_Task item_. Only the lines from the start of the data to the line containing "- Anticiper pour", both included, should be output, exactly and without pictures.

_Exercise data_.

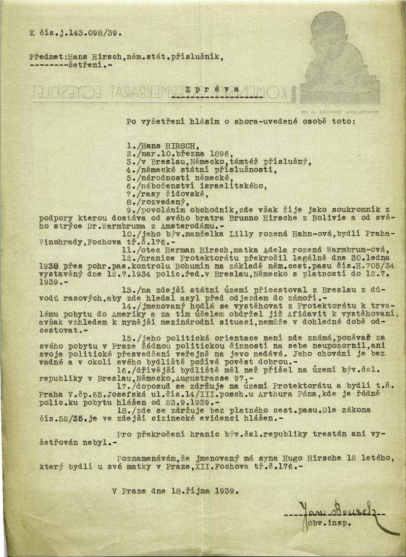 National archives Prague > Police Directorate Prague > 1941-1950 > H > Hirsch Hanuš
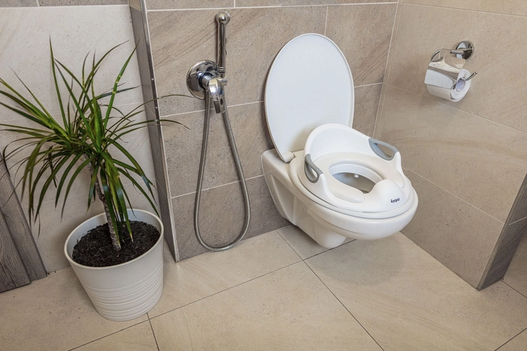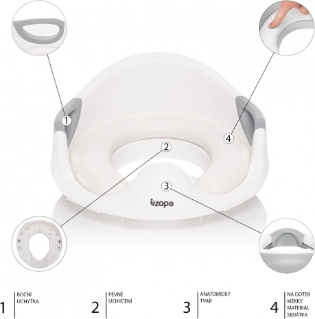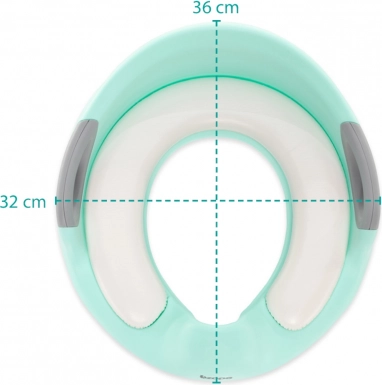 Komfort siedzenia zapewnia miękka wkładka, która jest wodoodporna i odporna na pęknięcia oraz odkształcenia. Anatomiczny kształt z podwyższeniem zapobiega niechcianemu zabrudzeniu i ułatwia utrzymanie czystości. Dzięki lekkiej konstrukcji nakładka sprawdzi się również w podróży.
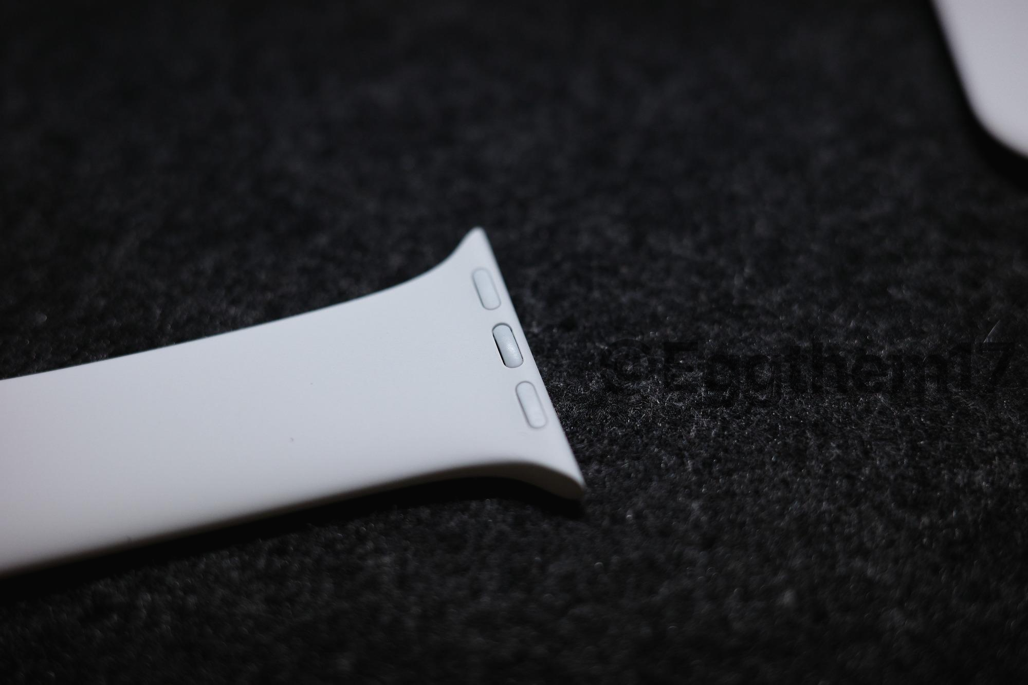 밴드가 워치에 들어가면 볼록하게 튀어나온 부분이 본체에 눌리며 반대쪽이 튀어나와 본체에 고정되는 방식이다.
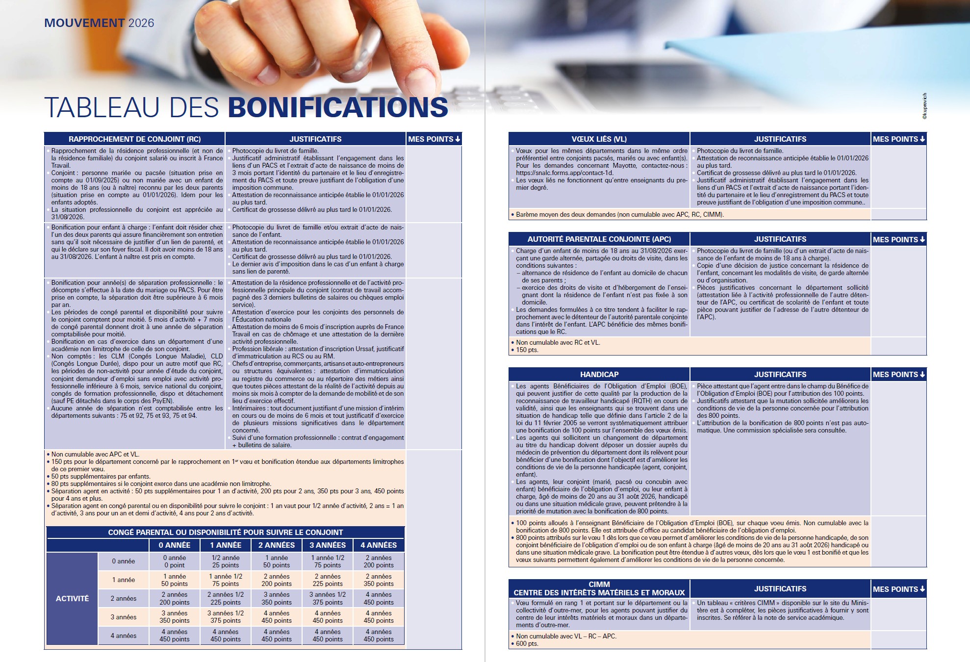 - Anticiper pour faire valoir ses droits : en cas de situation de handicap, il faut contacter sans tarder le médecin de prévention de la DSDEN pour pouvoir prétendre à une éventuelle bonification de 800 points.
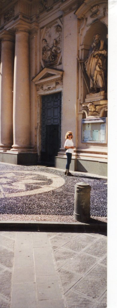 We arrive at the Milano airport, where we clean up and hairspray, hairspray, hairspray! (Unfortunately, Lene leaves hers in the bathroom…much discussion of this throughout the trip.) We drive into Milan with a silver-tongued taxi driver who wants fifty dollars American and almost runs out of gas on the outskirts of town. Much commotion! Once in the train station, it is disconcerting to find that no-one speaks English! We finally find our train and settle for the ride, by which time we are exhausted.
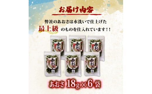 あおさ 18g 6袋 セット 小分け 個包装 海藻 新鮮 朝食 朝 ご飯 米 味噌汁 お吸い物 スープ 天ぷら かき揚げ お茶漬け うどん ラーメン パスタ お手軽 簡単 簡単調理 三重 伊勢志摩 志摩 みえ しま いせしま
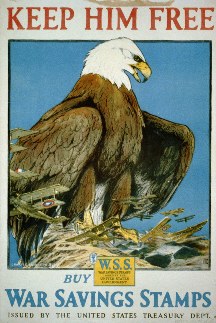 让他自由——请购买战争储蓄券。本张海报由美国财政部发布,设计者为Charles Livingstone Bull。
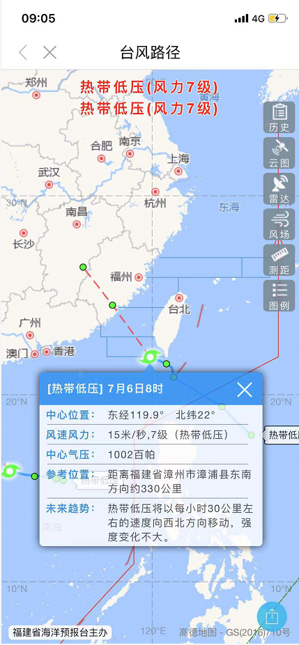 注意啦!今早福建省气象台发布台风蓝色预警信号,7月5日08时菲律宾吕宋岛东部洋面有热带低压生成,今天(6日)05时其距离漳州东山东南方向约390公里(北纬21.7度,东经120.6度),中心附近最大风力7级(15米/秒)。低压中心将以每小时25公里左右的速度向西北方向移动,强度将略有增强,并将于今天晚上在福建漳浦到广东汕头之间沿海登陆(登陆时强度7~8级)。
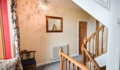 Solid oak doors from the hall lead to an east-facing double bedroom (bedroom 2) to the right, ahead to a lobby leading to the kitchen and another bedroom, and to the accommodation in the side extension to the left. A carpeted stair with oak bannister, and period style paneling below concealing a small under stairs cupboard, leads up to the first floor. The east-facing bedroom is lined out and plumbing and drainage connections are already in place allowing for the installation of an en-suite if required.

_Task output_.
 National archives Prague > Police Directorate Prague > 1941-1950 > H > Hirsch Hanuš
 Komfort siedzenia zapewnia miękka wkładka, która jest wodoodporna i odporna na pęknięcia oraz odkształcenia. Anatomiczny kształt z podwyższeniem zapobiega niechcianemu zabrudzeniu i ułatwia utrzymanie czystości. Dzięki lekkiej konstrukcji nakładka sprawdzi się również w podróży.
 밴드가 워치에 들어가면 볼록하게 튀어나온 부분이 본체에 눌리며 반대쪽이 튀어나와 본체에 고정되는 방식이다.
 - Anticiper pour faire valoir ses droits : en cas de situation de handicap, il faut contacter sans tarder le médecin de prévention de la DSDEN pour pouvoir prétendre à une éventuelle bonification de 800 points.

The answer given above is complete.